May 12, 2026

Scale lives in the data model

The schema, indexes, and read model quietly decide how much work each request creates. Shape the work, and the database follows.

A slow database tends to draw all the attention to itself.

CPU is high. Queries queue. The app times out. The first ideas that arrive are usually about the database itself: a larger instance, read replicas, sharding, a different storage engine.

Any of those can be the right move in the right situation. But the move that helps most often sits a little upstream. The data model is asking the database to do a large amount of work for every request, and reshaping the request shrinks the work before it ever reaches the engine.
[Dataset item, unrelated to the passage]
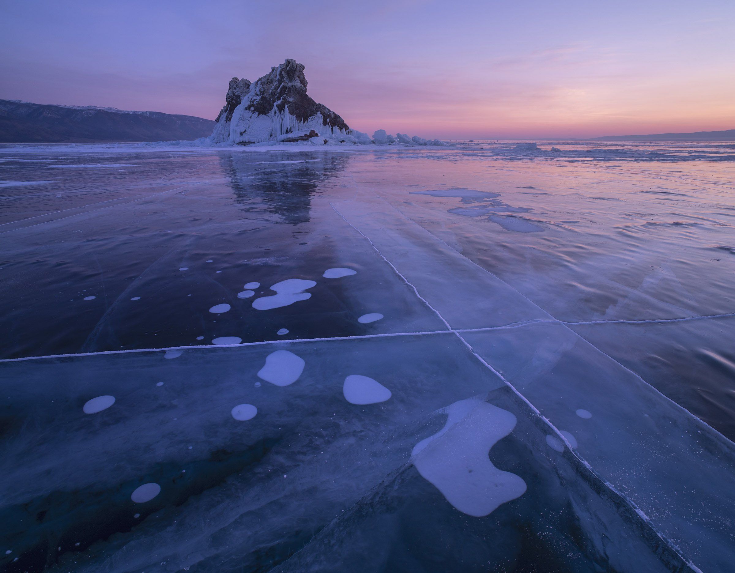 Мы приехали на остров Еленка еще ночью. Долго фотографировали ночные снимки. Уже под утро я залез в уазик и вздремнул с часик. Мои подопечные из Гонконга все еще возились со звездами на уже начавшем блекнуть ночном небе. Начинался рассвет. Я опять выбрался из уазика и порекомендовав всем обойти остров со всех сторон, чтобы выбрать лучшие точки съемки. Дав первый круг я вернулся в исходную точку. Друзья прилипли ко льду в одном месте, подойдя я увидел причину - белые воздушные пузыри они использовали в качестве переднего плана. Я тоже присоединился к ним. Снимок состоит из двух горизонтальных снимков, которые я сшил в фотошопе. Рассвет продолжал разгораться...

That is the path this post follows. Model the data around the way it is actually read, and the storage engine gets to carry a lighter load.

Start with the read path

A schema only ever fits a particular workload, and the workload is what reveals the fit. So it helps to begin there, with how the data is read, rather than with the tables themselves.

Before adding tables or indexes, write the read path down:

What endpoint or job is reading?
Which columns does it filter by?
Which column decides sort order?
How many rows can match before LIMIT applies?
Does the read need fresh data, or is stale data acceptable?
Is this path hit 10 times per minute, or 10,000 times per second?
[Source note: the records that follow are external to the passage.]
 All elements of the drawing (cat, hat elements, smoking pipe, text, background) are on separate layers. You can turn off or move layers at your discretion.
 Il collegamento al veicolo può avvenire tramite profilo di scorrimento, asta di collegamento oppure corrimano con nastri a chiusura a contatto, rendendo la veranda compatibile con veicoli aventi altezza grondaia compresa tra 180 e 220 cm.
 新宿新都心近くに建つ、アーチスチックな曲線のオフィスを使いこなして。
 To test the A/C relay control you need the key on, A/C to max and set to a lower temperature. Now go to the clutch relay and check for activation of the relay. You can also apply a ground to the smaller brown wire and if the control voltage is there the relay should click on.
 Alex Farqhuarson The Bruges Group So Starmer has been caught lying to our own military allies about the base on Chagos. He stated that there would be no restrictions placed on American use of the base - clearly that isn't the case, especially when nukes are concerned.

Each answer reshapes the model.

An admin report has room to join six tables and run for two seconds. A feed endpoint answers in tens of milliseconds, so it earns a model that fits inside that budget. A nightly billing job has hours to scan a large table. A signup request returns while the user waits, so it reads from a path sized for that wait. Different budgets, different shapes. None of them wrong.

The normalized version

Start with an ordinary, normalized schema:

CREATE TABLE users (
  id bigint PRIMARY KEY,
  display_name text NOT NULL
);

CREATE TABLE posts (
  id bigint PRIMARY KEY,
  user_id bigint NOT NULL REFERENCES users (id),
  title text NOT NULL,
  created_at timestamptz NOT NULL
);

CREATE TABLE comments (
  id bigint PRIMARY KEY,
  post_id bigint NOT NULL REFERENCES posts (id),
  author_id bigint NOT NULL REFERENCES users (id),
  content text NOT NULL,
  created_at timestamptz NOT NULL
);

This is clean. Each fact lives in exactly one place, which is a good place for facts to live.

Now add the read:

SELECT
  u.display_name AS post_author,
  p.title AS post_title,
  c.id AS comment_id,
  c.content,
  c.created_at
FROM users u
JOIN posts p ON p.user_id = u.id
JOIN comments c ON c.post_id = p.id
WHERE u.id = $1
ORDER BY c.created_at DESC
LIMIT 100;

The product question is simple: "Show the latest comments on this user's posts."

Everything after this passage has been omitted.